The Chosen Episode Guide: Season 1, Episode 1

I have to admit that I have not watched much of the chosen. In fact as I write this I have seen a total of 4 episodes. Three episodes from Season 4 and one episode from season 1. Those who know me know that I have concerns about putting the scripture into a video format. But often those concerns aren’t for the reasons that people expect.

I don’t have much concern about what is imagined in the settings of the places and events that happened. This is actually what narrative invites us to do. To imagine the sights and sounds of what was going on is part of reading narrative. The parts of Scripture that recount historical events, aka narrative, are calling us to picture what happened as the stories of God’s faithfulness are recounted.

What concerns me is that when we put something into a media like film, and when those things that we imagine, or our interpretations of Scripture, are untrue, then we can be prone to accept those as fact.

Please understand that I am not automatically writing off the media of film. I am saying that there is no substitute for Scripture. God could have sent his Son at any time in history. He could have had the life of Jesus recorded in film. He chose to send his Son at the exact right time, as seen in Gal. 4:4, and that God chose to have his Son’s life recorded in writing, not in film. For this reason we do well to pay closer attention to the written Word of God than we do to films about it.

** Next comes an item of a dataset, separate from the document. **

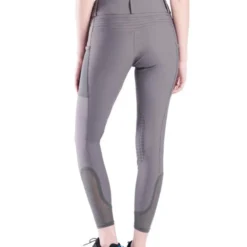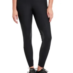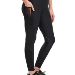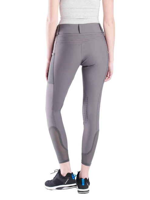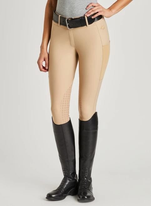 Piper Fusion Knee Grip Breeches are perfect for women who want the comfort of a tight but like the look of a performance breech. The Piper Fusion Breech with silicone print knee patch offers the best of both worlds. Comfortable technical stretch performance fabric allows full range of motion and mesh sock bottoms maximize breathability. There are two mesh pockets to let you securely store your phone. Piper Fusion Breeches have the look of breeches with two faux buttons, faux fly front, and belt loops.

So this guide is not an attempt to bash the Chosen, nor do I have an axe to grind. But since the chosen has become so widely watched, and even appreciated, I thought I would watch my way through it and give us a guide to be able to compare what we see in The Chosen to Scripture. I will use 6 different categories as I go, and I will cite Scripture where I can.

Those categories are as follows:

  • Biblical- What We Find in Scripture

  • Unbiblical- What Contradicts Scripture

  • Historical- What Helps us Understand the History of the Time

  • Extra-biblical: What Is Made Up but Doesn’t Contradict Scripture

  • Helpful: What We Might Be Helpful To the Watcher

  • Dangerous: Things That Have Been Added That Might Be Dangerous to Accept as Fact

What I write in each of the categories will be bulleted with short answers. My goal isn’t to write at length. Rather, my goal is to help you understand. I don’t know if there will be something in every category from every episode. In fact, I would hope that the “unbiblical” and “dangerous” categories would be rarely used, ideally even never used. But I will leave them in just in case.

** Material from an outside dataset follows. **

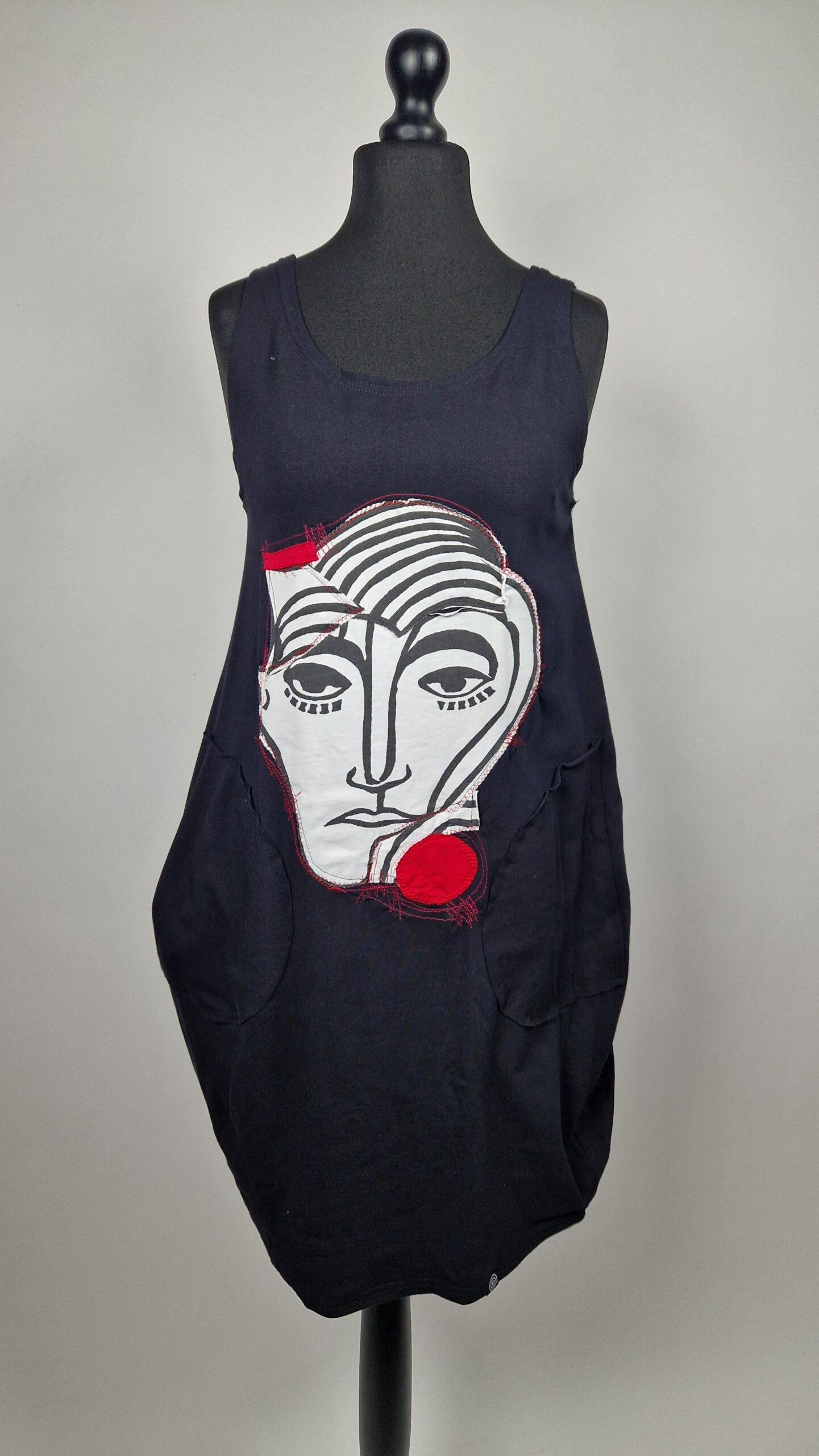 Czarna sukienka na grubych ramiączkach, bardzo zgrabna  z dużymi kieszeniami, które wysmuklają sylwetkę…z aplikacją, jakiej nie będzie mieć żadna inna babka……że niby czarna sukienka nie jest kolorowa?

My plan is to try and release one episode guide per week. I hope that it may help you to better understand the true Word of God, the Written Word (Bible) and the Living Word (Jesus).

So, with no further ado, here is the first episode guide.

S1, E1 episode guide

Biblical- What We Find in Scripture

  • Mary Magdalene was Magdala, that is what her name means.

  • Mary Magdalene was demon possessed. (Lk. 8:2)

  • Nicodemus was a pharisee, and likely the primary teacher in Israel. (Jn. 3:10)

  • Matthew was a tax collector. (Mt. 9:9)

  • Simon-Peter and Andrew were brothers. (Mt. 4:18-19)

  • Simon-Peter was married and lived in Capernaum. (Mt. 8:14-15)

Unbiblical- What Contradicts Scripture

  • Nothing

Historical- What Helps us Understand the History of the Time

  • While extra biblical, it is true that tax collection districts, purchased by people from Rome, were called a publicany. This term is used early on. A tax collector was then called a “publican.”

  • Jews who took up tax collection were despised by the Jews. The porter who transports Matthew is extrabiblical, his fear that he would be ostracized from society is historically accurate.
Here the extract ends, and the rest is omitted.